Lihat ke Halaman Asli

Dr. Moses Simanjuntak

An Economist and A Statistician

Respon Bank Sentral terhadap Pandemi Virus Corona

Diperbarui: 21 Maret 2020   09:59

Kompasiana adalah platform blog. Konten ini menjadi tanggung jawab bloger dan tidak mewakili pandangan redaksi Kompas.

Ekonomi.

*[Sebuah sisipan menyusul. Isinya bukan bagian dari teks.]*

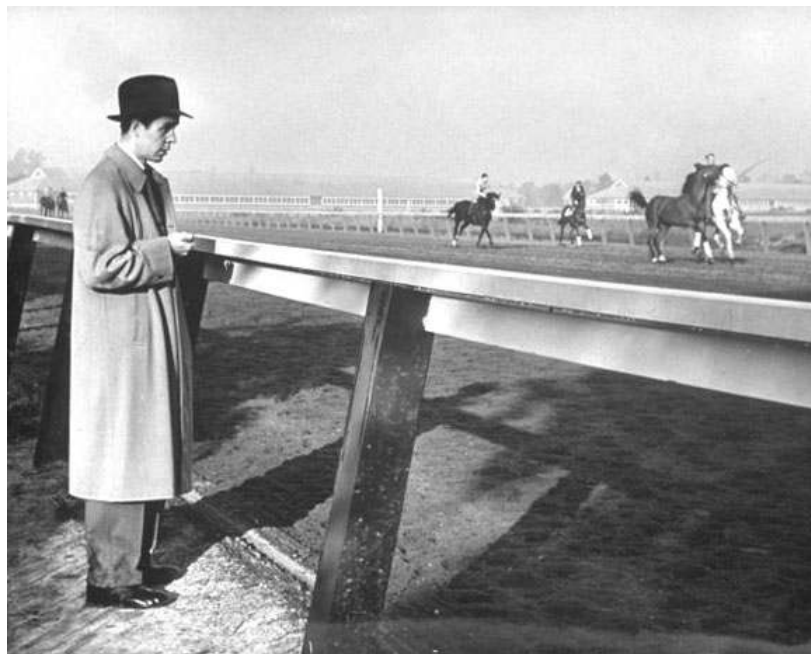
A.G. Vanderbilt (pictured) and John H. Whitney will enter Racing's Hall of Fame as Pillars of the Turf. Story p6

Sumber ilustrasi: PEXELS/Caruizp

Sebelum WHO menetapkan kasus virus corona menjadi pandemi (11 Maret 2020), kondisi kinerja perekonomian Amerika di bawah pemerintahan Trump sudah berhasil dalam peningkatan tenaga kerja (maximum employment, a strong job market), inflasi mendekati 2% (price stability, symmetric 2 percent goal), pertumbuhan ekonomi, dan indeks pasar modal yang meningkat. 

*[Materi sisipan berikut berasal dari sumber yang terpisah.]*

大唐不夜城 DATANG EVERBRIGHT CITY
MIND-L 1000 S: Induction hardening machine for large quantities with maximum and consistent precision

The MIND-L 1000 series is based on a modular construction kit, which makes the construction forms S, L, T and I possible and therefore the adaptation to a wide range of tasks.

Prestasi Trump dalam membangun perekonomian sudah lebih baik dibandingkan pendahulunya. Bank Sentral Amerika, Federal Reserve (Desember, 2019) melaporkan 4 parameter proyeksi perekonomian Amerika, sebagai berikut: "Pertama, Inflasi, pada tahun 2020 memiliki proyeksi dari mediannya hampir menyentuh rate 2%, kemudian menaik secara gradual menjadi konsisten di rate 2% pada tahun 2023, 2024, dan seterusnya (Longer run). 

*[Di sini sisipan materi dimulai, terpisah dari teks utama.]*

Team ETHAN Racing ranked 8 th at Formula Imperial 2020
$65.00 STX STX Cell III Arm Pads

Kedua, Tingkat pengangguran, pada tahun 2020 memiliki proyeksi dari mediannya hampir menyentuh rate 3,5%, kemudian menaik secara gradual menjadi konsisten di rate 4% pada tahun 2023, 2024, dan seterusnya (Longer run). 

Ketiga, Suku bunga acuan (the federal funds rate), pada tahun 2020 memiliki proyeksi dari midpointnya menyebar hampir menyentuh rate 2%, kemudian menaik secara gradual menjadi konsisten di rate interval 2% sd 3,3% pada tahun 2023, 2024, dan seterusnya (Longer run). 

Terakhir, Pertumbuhan ekonomi (change in real GDP), pada tahun 2020 memiliki proyeksi dari mediannya menyentuh rate 2%, kemudian menurun secara landai menjadi konsisten di rate 1,9% pada tahun 2023, 2024, dan seterusnya (Longer run)". 

Federal Reserve menggunakan suku bunga acuan, the federal funds rate untuk mewujudkan 2 tujuan utama kebijakan moneternya, yaitu mengendalikan inflasi yang tetap dan tingkat pengangguran yang rendah.   

Namun setelah WHO menetapkan kasus virus corona menjadi pandemi, kebijakan moneter dan fiskal yang dikeluarkan oleh gudung putih maupun Federal Reserve tidak bisa membendung anjoknya pasar saham di Amerika yang sedang panik. 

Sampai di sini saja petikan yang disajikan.